# Curved Door



## OPJ (29 Apr 2010)

Hi guys,

I've been working on a key cabinet, made from white and brown oak (something like the drawing below, with dovetailed corners).







You've hopefully noticed :wink: that the cabinet has a slight curve to its front. It's not much but, I think it's enough to add interest. Anyway. I've already done the easy stuff - assembling the carcase and making the drawer with curved front! 8) Now, I'm looking at how to construct the curved door...

Rails will be laminated from thin strips I've already cut on my bandsaw, and then bent around a former. But, do you have any suggestions for grooving these rails, so I can fit a panel inside? They're only about 32mm wide x 16mm thick (not enough to balance a router on top). I have thought of trimming the middle veneers or setting them back to effectively create a groove but, I know these things may well slide once the cramps go on.

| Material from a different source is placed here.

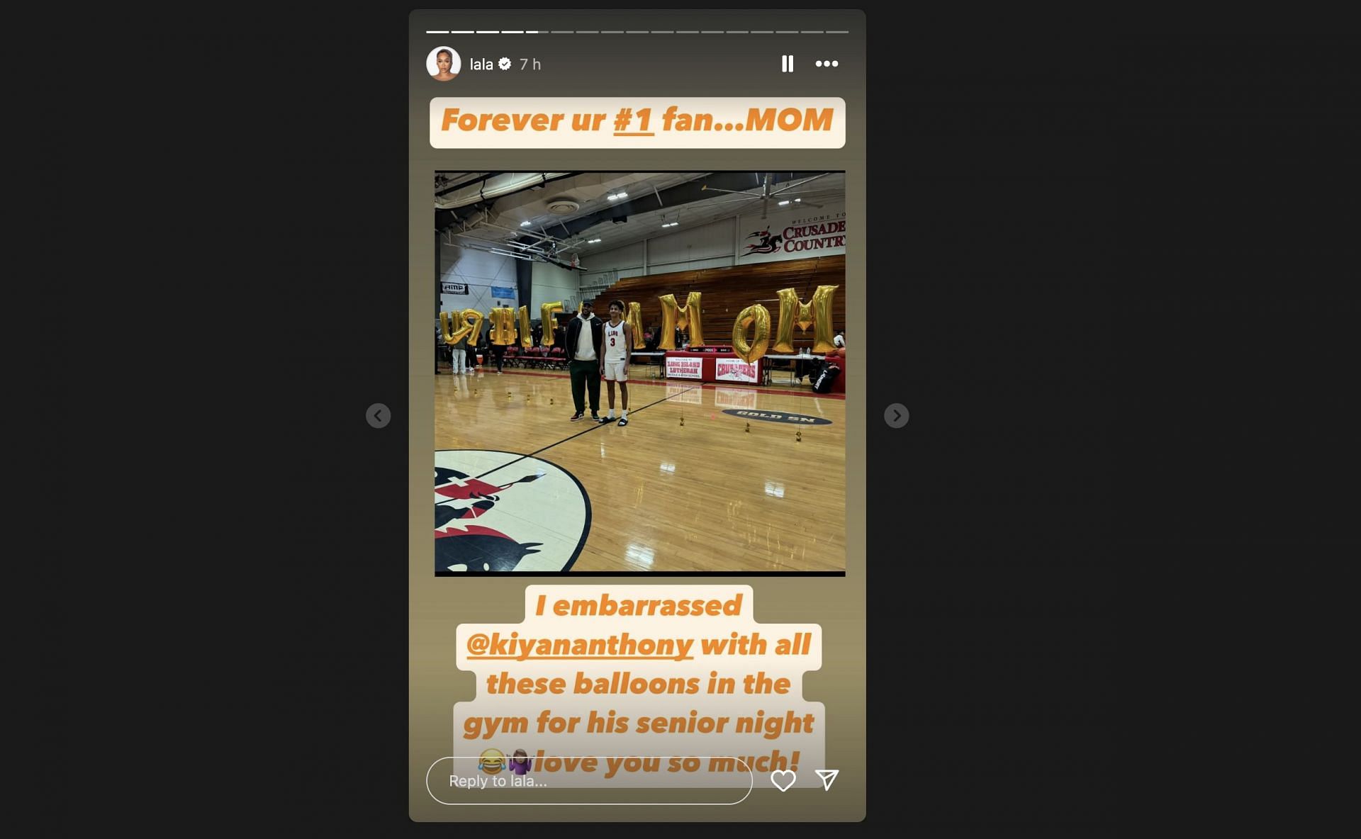 After Kiyan played his senior night game for the Long Island Lutheran vs. IMG Academy, the gym was decorated with balloons by La La. Carmelo Anthony was also in attendance. La La posted a pic of the father-son duo with the balloons in the background, captioning the post:

If at all possible, I'd like the curved panel to also have a raised and fielded look front the front! :shock: Best way I've come up with would be to glue a sheet of 4mm MDF inside the 16mm thick frame. Then, form the detail on a flat lump of oak and, seeing as I now have a bandsaw man enough for the job; rip <6mm off each face and glue these directly on to the MDF panel.






What do you think?

Hopefully, I've made it all clear...

Thanks for your help,

Olly.


----------



## SketchUp Guru (29 Apr 2010)

Nice work. You just need to do something with the top of the sides where they overlap the top.

As to your panel construction, how about if you make the three layers as you say but laminate them together over a form. Make it so the raising extends into the groove as in a traditional flat door. I think it'll be easier than trying to cut the panel to fit exactly in the door frame open.


----------



## rileytoolworks (29 Apr 2010)

Olly, I make doors like these almost weekly for kitchens.
The way I groove them is as follows...
I bend the laminations in a male/female former. When they're dry I clean up and square/size the edges.
The rails on my doors are 24mm thick.
I use a 16mm GB and a 6mm cutter in a router.
Clamp the rails back in the formers and run the guide bush against the female edge of the former, giving a groove which is 7mm back from the front edge.
Obviously the GB/cutter combination and depth of cut would need adjusting for your stock.
Hope this helps, and good luck.
P.S. Will you be doing through tenons as in your picture?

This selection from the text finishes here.